RA_TZ="EST5EDT4,M3.2.0/02,M11.1.0/02"
RA_TZ="PST8PDT"
RA_USEC_PRECISION
For ra() like clients, this variable is used to override the time format of the timestamp. This variable
specifies the number of decimal places that will be printed as the fractional part of the time. Argus
collects usec precision, and so a maximum value of 6 is supported. To not print the fractional part,
specify the value zero (0).
RA_USEC_PRECISION=6
RA_USERDATA_ENCODE
Argus can capture user data, and the argus clients can print, merge, filter, and strip user data from
argus records.

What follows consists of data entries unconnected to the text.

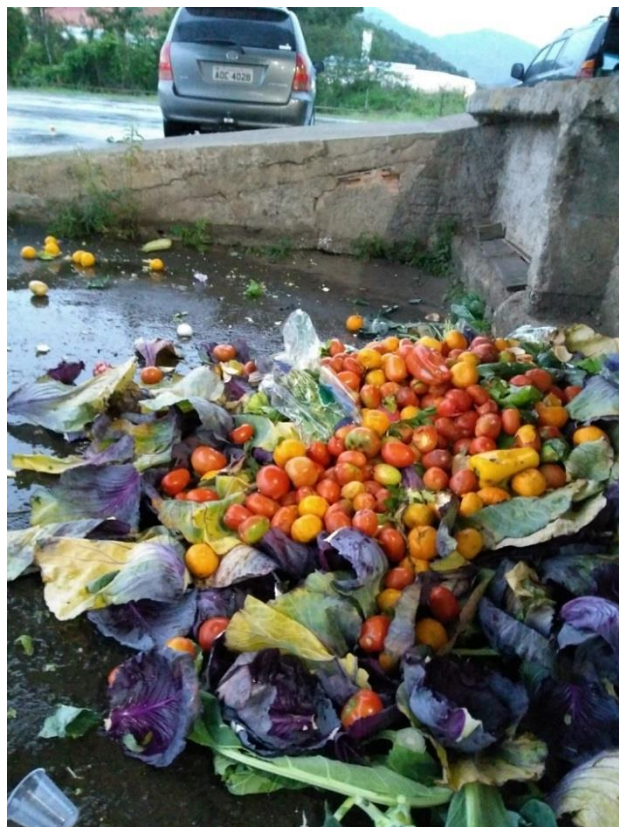
Figura 18 – material coletado no CEASA para a XEPA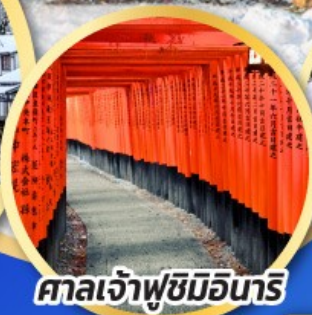
ศาลเจ้าฟูชิมิอินาริ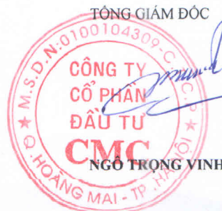
NGÔ TRỌNG VINH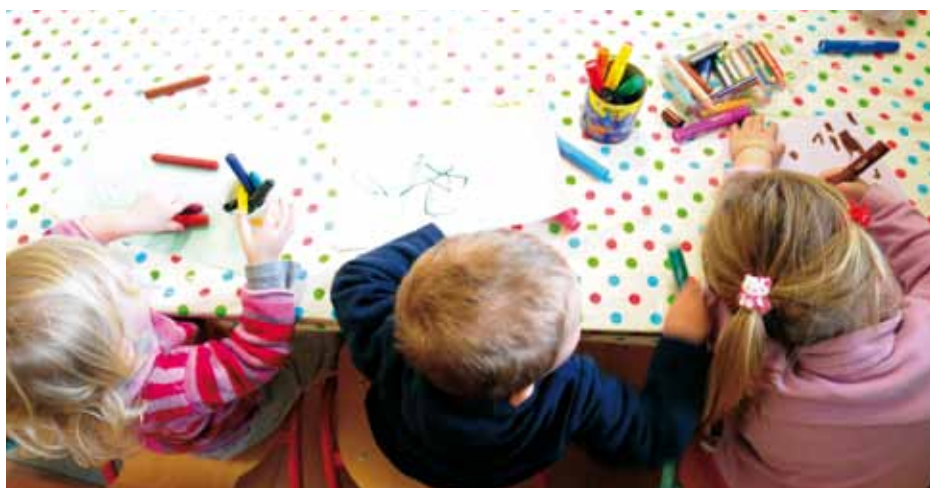
LA RENTRÉE DU MULTI-ACCUEIL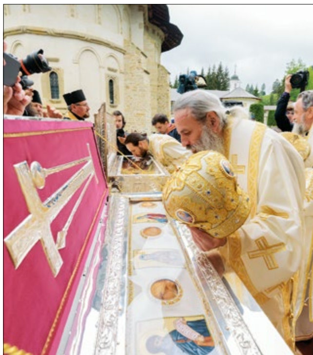
▲ Înaltpreasfințitul Părinte Teofan, Mitropolitul Moldovei și Bucovinei, se închină la moaștele Sfinților Sila, Paisie și Natan. Moment din timpul Proclamării solemne a canonizării Sfinților putneni, Mănăstirea Putna, 14 mai 2017.

ca al doilea mare ctitor și ca un mare părinte duhovnicesc al ei.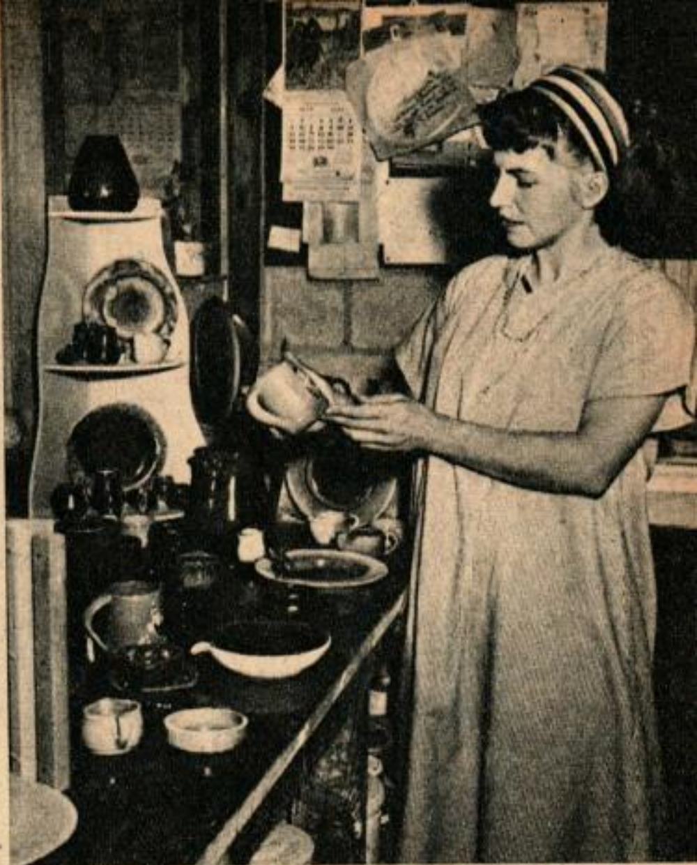
Les Bowler ont consacré à la céramique leur impérieux besoin de création artistique. Les motifs principaux sont empruntés à l'histoire de l'Ouest américain.

En juin 1947, les Bowler chargèrent leur four sur une remorque, derrière leur jeep, avec une chèvre qu'ils avaient achetée pour avoir du lait à meilleur compte. Leur destination était, dans le sud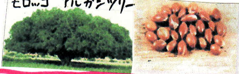
モロッコ アルガンツリー

アルガンオイルはモロッコ南西部のサハラ砂漠だけにしか存在しない「アルガンツリー」の果実100kgからわずか1kgしか採れない希少性の高いオイルです。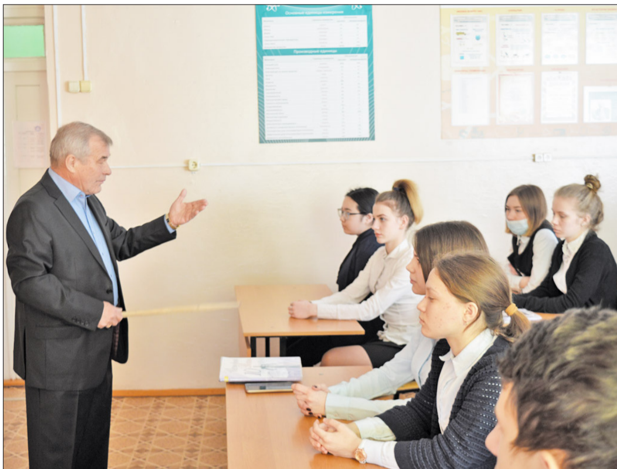
Парламентский урок для одиннадцатиклассников Новоселёзневской школы ведёт депутат областной думы Владимир Ильич Ульянов

13 февраля в Казанский район с рабочим визитом прибыл депутат Тюменской областной думы Владимир Ильич Ульянов. Он побывал в Новоселёзневской школе, где провёл для учащихся 11 класса парламентский урок, посвящённый 25-летию установления современного конституционно-правового статуса Тюменской области.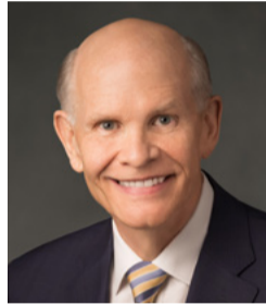
Dale G. Renlund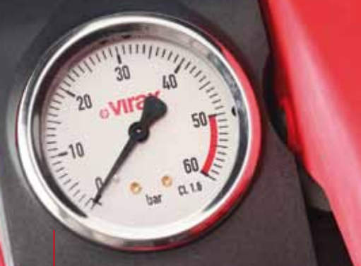
Manomètre 50 bar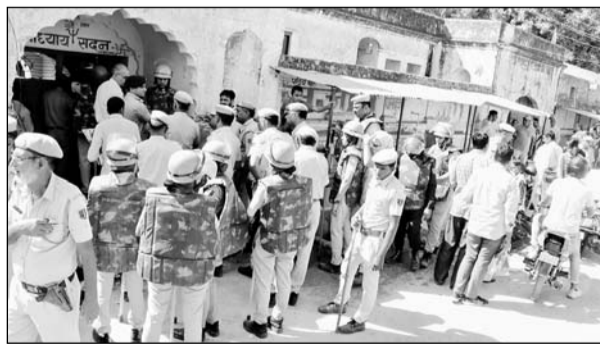
चुरू में मंत्रियों की छतरियों पर चालीस साल से चल रहे अतिक्रमण को न्यायालय के आदेश पर प्रशासन ने हटाया।

चुरू, (कास)। न्यायालय के आदेश से मंत्रियों की छतरियों में पिछले चालीस सालों काबिज किरायेदारों को जिला प्रशासन में बेदखल किया। चुरू जिला मुख्यालय पर झारिया मोरी स्थित मंत्रियों की छतरियों के नाम से स्थित दुकानदारों को व सार्वजनिक बाड़ों पर दुकान और पकान बनाकर निवास करने वाले दो दर्जन से अधिक परिवारों को नगर परिषद चुरू, पुलिस जाप्ता व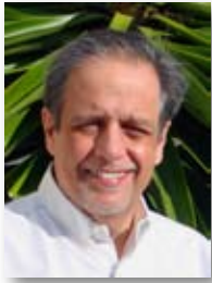
Dr. Pablo Echarrí

4 días de duración. Fechas: 15 y 16 de enero y 5 y 6 de febrero de 2010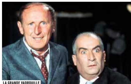
LA GRANDE VADROUILLE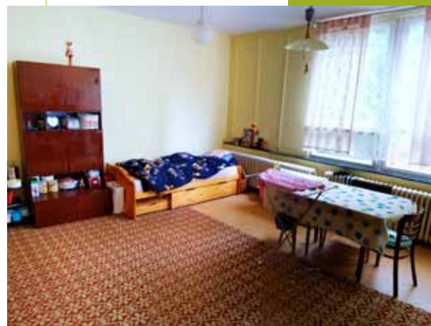
Foto: jeden z pokojů podporovaného bydlení

Služba je poskytována jako terénní a ambulantní.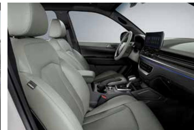
ΧΑΚΙ & ΜΑΥΡΗ ΤΑΠΕΤΣΑΡΙΑ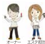
オーナー エステ担当

「会議所の所報を持参」または「電子メール券でお支払い」いただくと光フェイシャル10%offまたは脱毛10%offです。両方使用もOKです。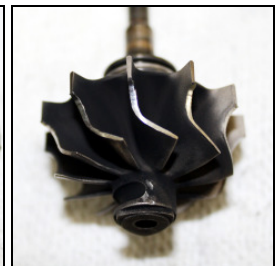
Turbinenrad an Turbinenge-häuse an-gelaufen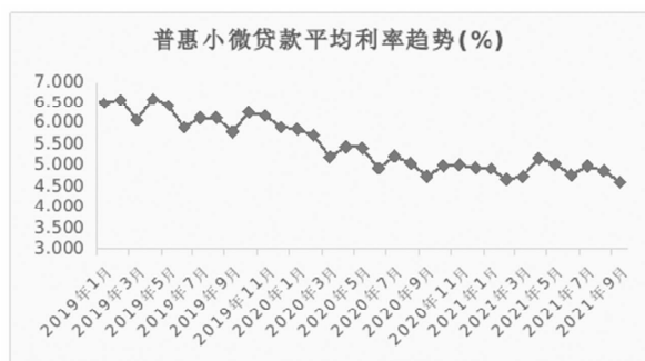
图 3. 2019—2021 年北京市普惠小微贷款平均利率趋势图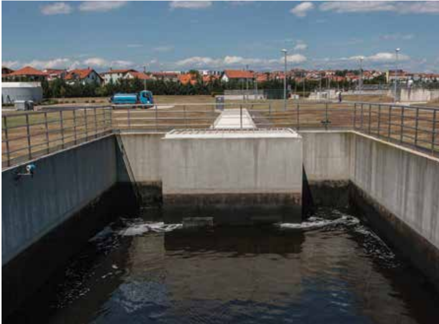
Pročišćena voda prije ispuštanja u more

mulj koji se prikuplja u crpnoj stanici za recirkulaciju i vraća u bioaeracijski bazen, a višak mulja odvodi u zgušnjivače mulja i na daljnju obradu. Aeracija se obavlja upuhivanjem i raspršivanjem zraka s pomoću membranskih aeratora. U dva se naknadna taložnika, koja su povezana pokretnim mostom zgrtača mulja, voda bistri, a postupak traje približno tri i pol sata. Mulj se iz tih taložnika odvodi u crpnu stanicu iz koje se dio odvodi u zgušnjivače, a dio recirkulira pužnim crpkama. U te se zgušnjivače uvodi primarni i sekundarni mulj tlačnim cjevovodom, a zgusnuti se crpi vijčanim crpkama na strojni uređaj za dehidraciju, gdje se iz njega uklanja višak vode i smanjuje njegov volumen. Dehidracijom se znatno povećava koncentracija suhe tvari mulja, čak i na 35 % dodavanjem živog vapna, i takav se "muljni kolač" odvozi na odlagalište. Dnevna se proizvodnja mulja kreće od 14 do 18 t/dan.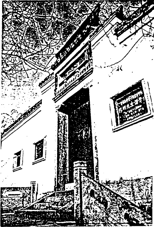
浙江余姚龙泉山王守仁讲学处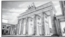
Vertrieb durch Technisat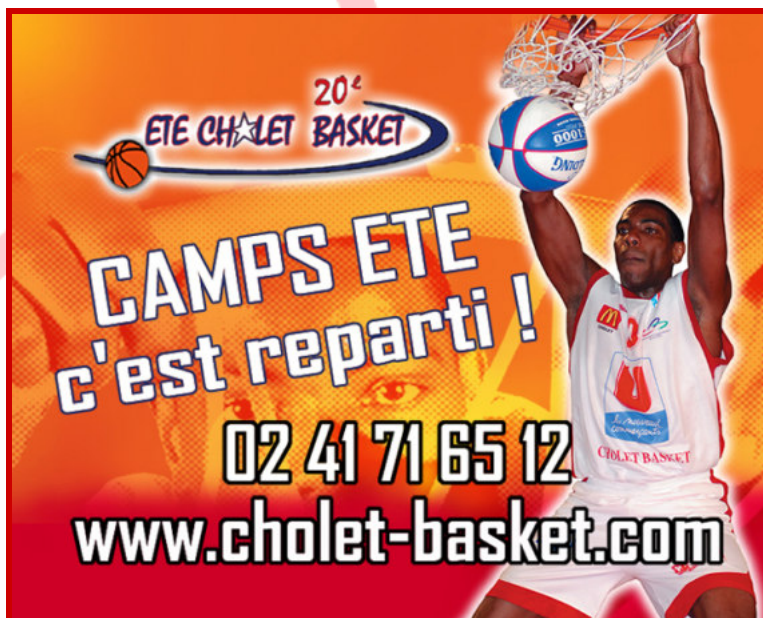
20 e CAMP ETE CHOLET BASKET Juillet 2007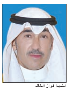
الشيخ فواز الخالد

بأحرف من نور. وقال محافظ الأحمدى: إن الأمتين العربية والإسلامية فقدتا قائداً حكيماً وزعيماً من أبرز زعمائهما، مؤكداً أن سجل الزمن سيظل يذكر للفقيد الراحل مواقفه الوطنية، وما حققه من إنجازات عديدة في الدفاع عن قضايا العربوية والإسلام، ودوره البارز في المصالحات العربية ولم الشمل والحفاظ على وحدة الصف، ودعم القضايا العربية والإسلامية، وموازنته وتعزيزه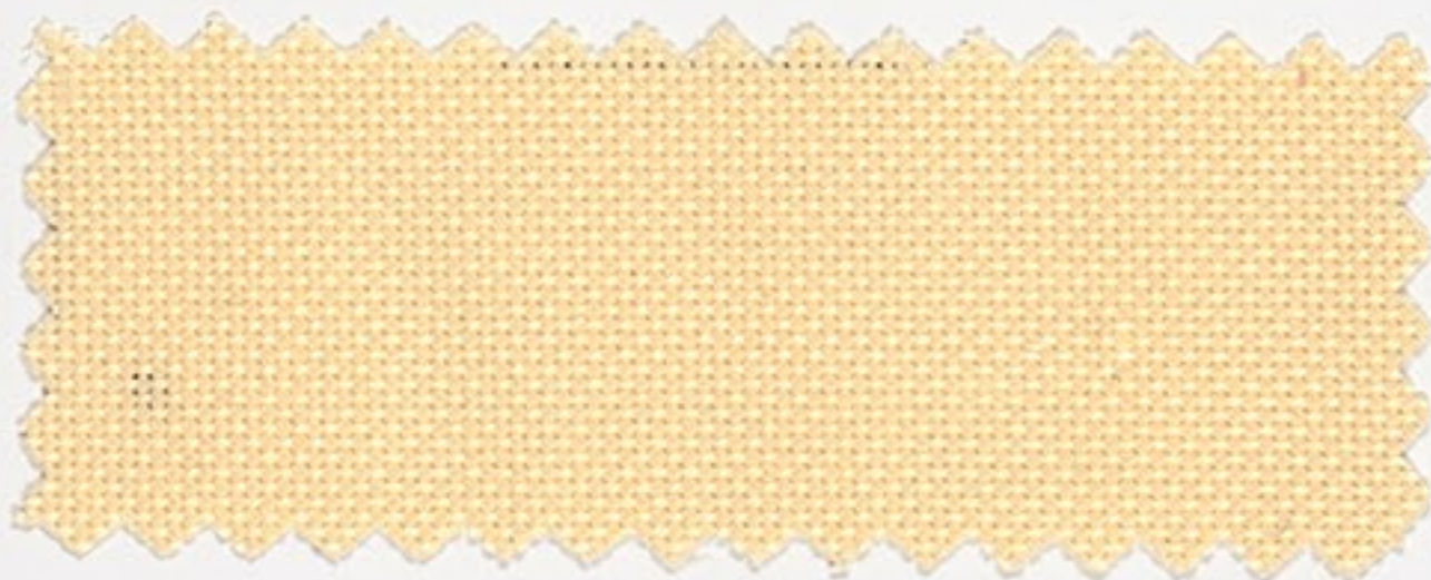
2118 hell gelb (300)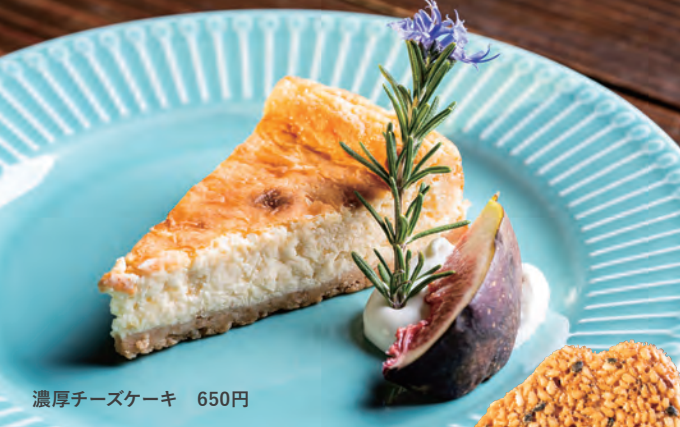
濃厚チーズケーキ 650円

自家製ジュレと果肉がたっぷりな ソフトクリームが大人気! 口の中に柑橘の爽やかな風味が広がります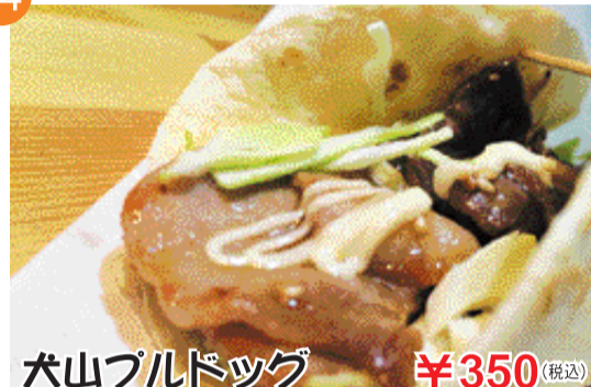
犬山ブルドッグ ¥350 (税込)

うす生地にブルコギ風ソースで炒めた豚肉とキャベツをまるめて、犬山だけにワンちゃん大好き骨のイメージ!!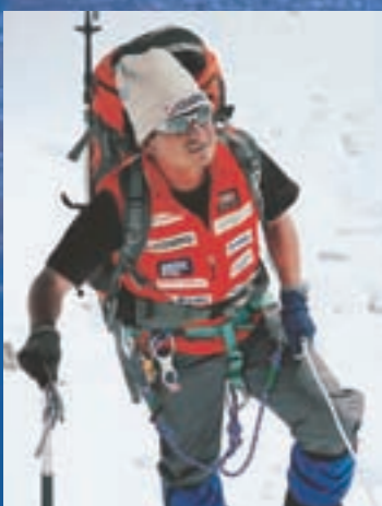
富士山清掃活動に取り組み 野口 健さん（アーティスト）

「日本のシンボルである富士山が変われば、日本が変わる。そう信じて、清掃活動と環境改善に全力を尽くした」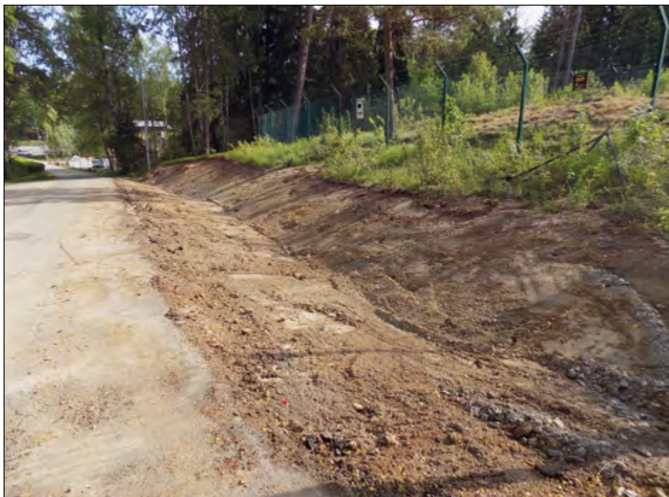
Figur 2. Foto av schakt 2. Sett från söder.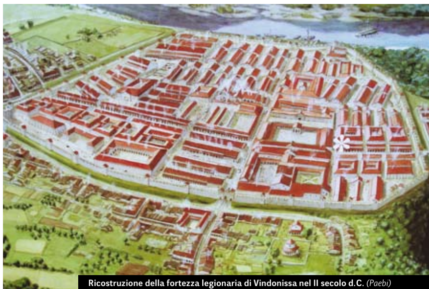
Ricostruzione della fortezza legionaria di Vindonissa nel II secolo d.C. (Paebi)

Vallensium e le concesse il diritto latino, che consentiva all'élite locale di accedere alla cittadinanza romana tramite l'esercizio di una magistratura. Il Vallese venne separato dalla grande provincia della Rezia e unito probabilmente alla Tarantasia per costituire la provincia delle Alpi Graie e Pennine.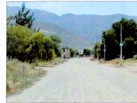
AV. PRINCIPAL DE LA HACIENDA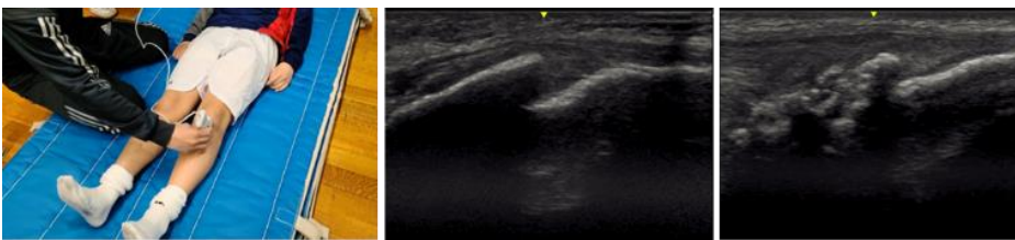
左図 : スポーツ現場での超音波健診 中央図 : 正常の脛骨粗面 右図 : 異常所見

これらの基礎研究に加え、スポーツ現場においては超音波を活用した研究にも取り組んでいます。超音波は侵襲を伴わない診断機器であり、これによりスポーツ傷害の早期発見と予防につなげています。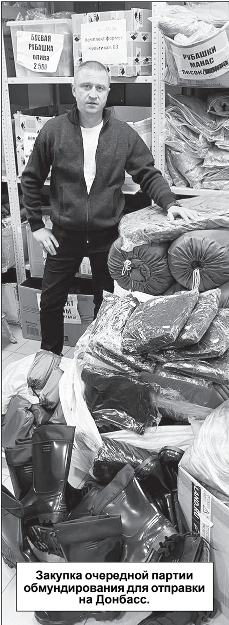
Закупка очередной партии обмундирования для отправки на Донбасс.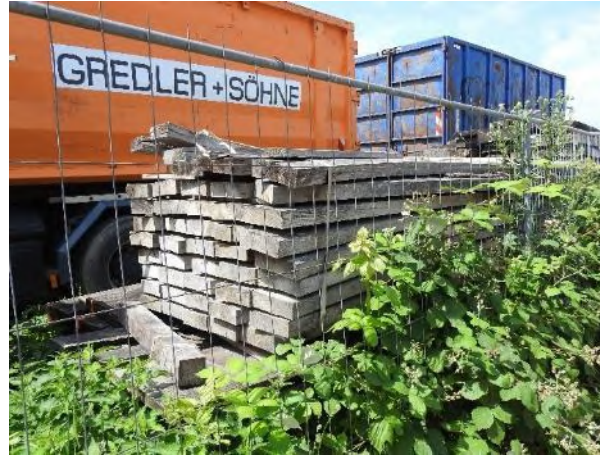
Abbildung 24: Holzstapel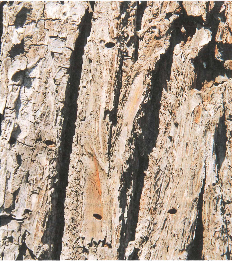
Abb. 1. Schlupflöcher des Großen Lindenprachtkäfers ( Scintillatrix rutilans ) in der Borke der befallenen Linde ( Tilia ) bei Posterstein. 12. Juni 2000

Nach den bisherigen Kenntnissen existieren in Ostthüringen neben den Vorkommen im Altenburger Gebiet zwei weitere in der Umgebung von Rudolstadt, die STUMPF (1997) veröffentlichte (vgl. KOPETZ & HARTMANN 1995), ein unpubliziertes bei Cossengrün nahe der Landesgrenze, das von A. WEIGEL 1997 aufgefunden wurde, und möglicherweise ein weiteres bei Ranis, auf das nur durch einen Totfund geschlossen werden kann (HARTMANN et al. 1996). Den Kenntnisstand über die Verbreitung der Art in ganz Thüringen vermittelt Abb. 2.

When printing out the user data contents, using tools such as ra.1, the type of encoding
used to print the buffers can be specified here. This is available because many user data buffers are not
printable text, and other representations may be more appropriate.
Supported values are "Ascii", "Obfuscate", "Hex", "Encode32" or "Encode64". The default is "Ascii".
Obfuscate is an extension to the Ascii print, that attempts to over-write plain text passwords,
encountered in the user data, with 'x's.
Commandline equivalent: -M printer=<printer>
RA_USERDATA_ENCODE=Ascii
RA_FILTER
You can provide a filter expression here, if you like. It should be limited to 2K in length. The
default is to not filter. See ra(1) for the format of the filter expression.
RA_FILTER=""
RA_FILTER_TIMEOUT
The filter is compiled in a separate process, and all ra* programs need to wait a reasonable time for the
filter compiler to finish, or time out and return an error, in the case of a fatal error in compiling.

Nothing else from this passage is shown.